Tornando a quel giorno, lei poi è andata dai carabinieri.
«Sì, nonostante le minacce. So che anche altre due tirocinanti hanno testimoniato ma io sono l'unica ad aver fatto denuncia. Non ne ho saputo più nulla fino a venerdì, quando ho ascoltato la notizia al telegiornale e ho visto quei video sconvolgenti. Ero allibita...».
Non se l'aspettava?
«Sinceramente credevo che fosse solo la crudeltà di una operatrice, e che gli altri coprissero lei. Invece ci sono 12 indagati. Sono tanti, dodici. E se penso che da una cosa piccola che ho fatto io è venuto fuori tutto questo... Mi chiedo come faccia un operatore a dormire la notte quando sa che cosa accade nel reparto vicino. Dov'è la linea di confine tra chi fa del male e chi vi assiste e tace?».
Era così difficile per i familiari accorgersi di ciò che accadeva?

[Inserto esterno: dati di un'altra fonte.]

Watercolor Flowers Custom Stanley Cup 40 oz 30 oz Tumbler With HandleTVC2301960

«Sì, erano molto bravi a coprirsi l'un l'altro. Se non picchi davvero in un certo modo, gli ematomi non vengono. E per il resto come fanno anziani in quelle condizioni a comunicare i soprusi quotidiani a cui sono sottoposti? Alcuni familiari qualcosa sospettavano, ma non di così grave: venerdì mi hanno chiamato piangendo e ringraziandomi».
Continuerà a fare questo lavoro? Teme che essersi esposta le possa creare problemi?

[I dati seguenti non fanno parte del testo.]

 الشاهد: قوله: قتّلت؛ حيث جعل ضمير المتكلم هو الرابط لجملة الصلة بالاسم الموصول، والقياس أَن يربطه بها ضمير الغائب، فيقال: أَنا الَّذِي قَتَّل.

«Per il momento resto lontana da Parma e mi occupo di mio padre. Ma quando cercherò un lavoro e sapranno che ho agito per i più deboli, chi assumeranno? In un Paese normale non dovrebbe esserci dubbio, ma si vedrà. Ora il mio unico pensiero è che per gli ospiti del secondo piano di Villa Matilde venga fatta giustizia. E più voci siamo, più possono venire alla luce queste situazioni terribili».